Inteiro Teor do Acórdão - Página 10 de 10

PRIMEIRA TURMA EXTRATO DE ATA

RECURSO ORDINÁRIO EM HABEAS CORPUS 110.622

PROCED. : DISTRITO FEDERAL RELATOR : MIN. DIAS TOFFOLI

RECTE.(S) : MAXWEL SILVA

RECTE.(S) : CARLOS LEONARDO COSTA PEREIRA

ADV.(A/S) : JOSÉ ADOLFO NUNES DE OLIVEIRA

RECDO.(A/S) : SUPERIOR TRIBUNAL DE JUSTIÇA

Decisão : A Turma negou provimento ao recurso ordinário em habeas corpus, nos termos do voto do Relator. Unânime.

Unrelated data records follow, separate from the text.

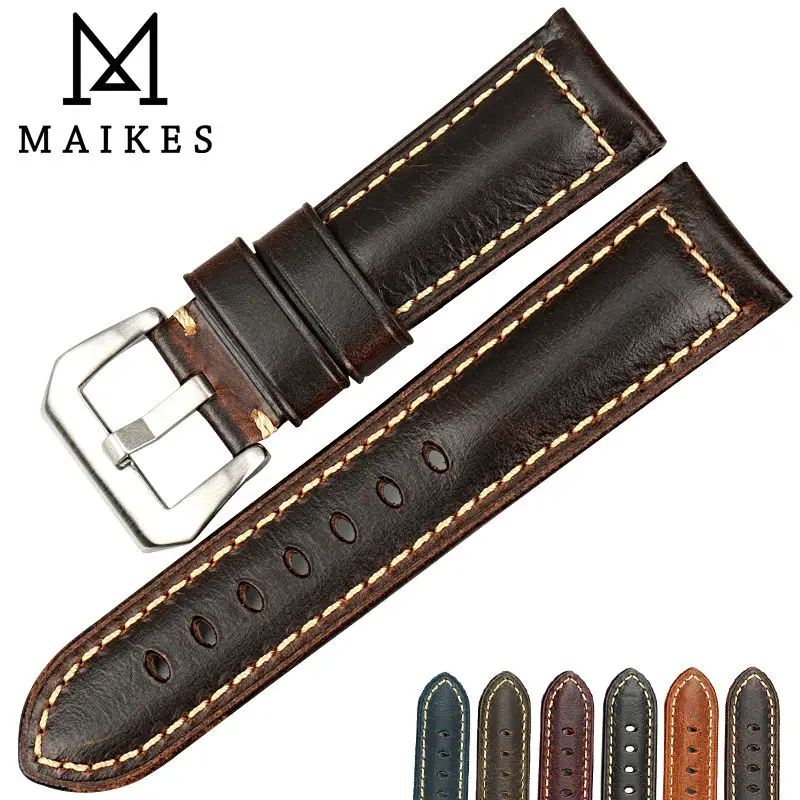 Ремешок MAIKES из итальянской коровьей кожи для наручных часов, винтажный браслет для часов, с пряжкой, Panerai, 20 мм 22 мм 24 мм 26 мм
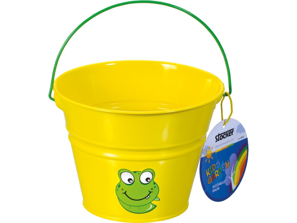 Dětský kovový kyblík ve žluté barvě s obrázkem s dětským motivem.
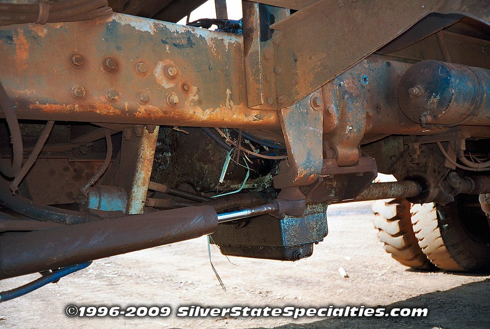 Pioneer Sugar Kenworth heavy-duty 6x6 cane haul truck. Close-up view of front of transfer case and steering ram.
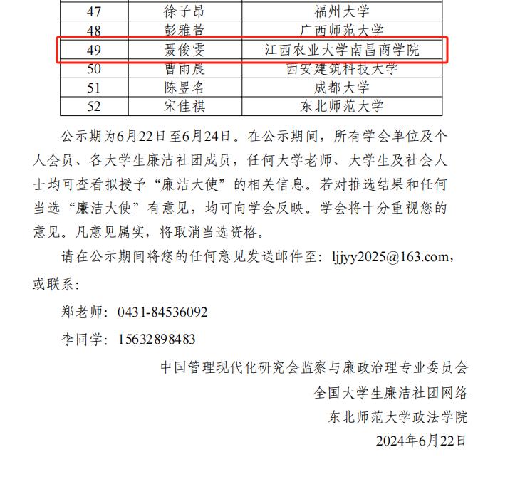 该评选旨在全国高校范围内遴选并表彰德才兼备、积极践行廉洁理念、弘扬清正廉洁风尚的优秀学生代表。同期获此殊荣的优秀学生还有来自武汉大学、湖南大学、南京大学、北京航空航天大学等国家“双一流”建设高校。此次“廉洁大使”称号的评选,全国仅有52个名额。

Não participaram, justificadamente, deste julgamento, os Senhores Ministros Marco Aurélio e Luiz Fux. Presidência do Senhor Ministro Dias Toffoli. 1ª Turma, 8.5.2012.

Presidência do Senhor Ministro Dias Toffoli. Presentes à Sessão os Senhores Ministros Marco Aurélio, Cármen Lúcia, Luiz Fux e Rosa Weber.

Subprocurador-Geral da República, Dr. Wagner Mathias.